Home Artificial Intelligence How Casavo Uses Deep Learning to Anonymise Images on Casavo’s Real Estate Platform Introduction Sharing Images with Potential Buyers Anonymising Images using Deep Learning Orchestration Conclusion

How Casavo Uses Deep Learning to Anonymise Images on Casavo’s Real Estate Platform Introduction Sharing Images with Potential Buyers Anonymising Images using Deep Learning Orchestration Conclusion

1
How Casavo Uses Deep Learning to Anonymise Images on Casavo’s Real Estate Platform
Introduction
Sharing Images with Potential Buyers
Anonymising Images using Deep Learning
Orchestration
Conclusion

Our Anonymisation Pipeline at work

As an actual estate company, Casavo faced a big challenge when it got here to sharing images of properties with potential buyers. While sharing images is a vital a part of the home-buying process, we would have liked to make sure that sensitive information, similar to the present homeowner’s identity and living address, remained anonymous.

To handle this challenge, we decided to leverage the facility of deep learning to create an answer that may allow us to share images while keeping sensitive information private. In this text, we’ll detail the several deep learning technologies we utilised to realize this goal. By sharing our experience, we hope to encourage other firms facing similar challenges to leverage the facility of deep learning to seek out revolutionary solutions to complex problems.

With Casavo’s mobile app, sellers can complete a distant visit of their property autonomously by uploading pictures of their home and floor plan. As a part of this process, we ask sellers for his or her permission to share the photographs and details of their property with potential buyers before listing it on our platform. This permits us to extend the possibilities of finding the precise match between seller and buyer earlier.

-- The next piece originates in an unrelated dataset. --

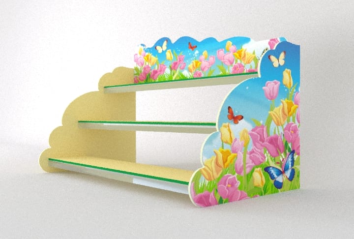 Прекрасное художественное оформление и удобный обзор детских работ вам гарантирует подставка для поделок «Бабочки в тюльпанах».
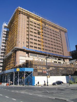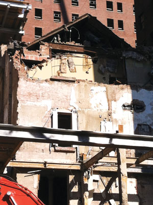 Villager reader Robert McCabe sent us a photo of what appears to be part of the former St. Vincent’s Chapel, above. “The demolition work on the exterior buildings comprising St. Vincent’s Hospital has uncovered a freestanding early or mid-century structure in the center of the building complex and not visible from 12th St.,” McCabe said. “It is now visible from the middle of 11th St. The chapel at the hospital was historic and the interior has been bought [and moved off site] and will be restored. I think the structure that has now been uncovered will be demolished but I am not sure.” We’re trying to find out more info on the schedule for the rest of the demolition work. The hospital’s old Coleman building is ringed with yellow scaffolding, above right, and its end appears imminent. By the way, Robert is the father of former Villager intern David McCabe — the kid who always wore loafers with no socks in one of Michele Herman’s columns.

If the vendor agrees, their house pictures, together with other relevant information and the floor-plan, are shared with all interested potential buyers as a preview.

Casavo’s Mobile App UI to share images with matched potential buyers

Nevertheless, sellers often upload images that contain personal information, similar to personal address, people’s faces, pictures inside frames, without realising the potential consequences of sharing such sensitive data. This could result in privacy concerns for each the vendor and anyone appearing in the photographs, in addition to potentially harming the vendor’s probabilities of a successful sale.

Despite these issues, sharing images with potential buyers is a vital a part of selling a property, because it allows them to get a greater sense of the property’s condition and layout. Subsequently, it’s crucial to seek out a technique to anonymise sensitive information in these images while still providing a transparent and accurate representation of the property. That is where deep learning technologies are available, offering an efficient and effective solution to the issue.

To handle this challenge, we utilised a mix of deep learning models to discover and anonymise sensitive regions of property images. In the next sections, we’ll explore the several models used and the way they were combined to realize the specified results.

With a purpose to anonymise the photographs uploaded by sellers, we utilised three pre-trained deep learning models that process images to perform different tasks. The choice to make use of pre-trained deep learning models for anonymising images uploaded by sellers was based on two predominant aspects.

Firstly, training deep learning models from scratch generally is a time-consuming and resource-intensive process. By utilising pre-trained models, we were able to avoid wasting significant amounts of time and computing resources that may have been required for training our own models.

Secondly, pre-trained models have already been trained on large datasets, which provides a big advantage when it comes to accuracy and performance. The models we use have learned to discover patterns and features in images which can be useful for the precise task they were trained for. Which means we could depend on the pre-trained models to effectively anonymise images with no need to spend additional resources on data collection and annotation.

— One in every of the models used was the CRAFT (Character-Region Awareness For Text detection), which is able to identifying text inside a picture and making a heat-map that highlight the situation of the text as a probability distribution over all of the pixels. This model was particularly useful in identifying personal information, similar to names and addresses, that will have been present in the ground plans uploaded by sellers.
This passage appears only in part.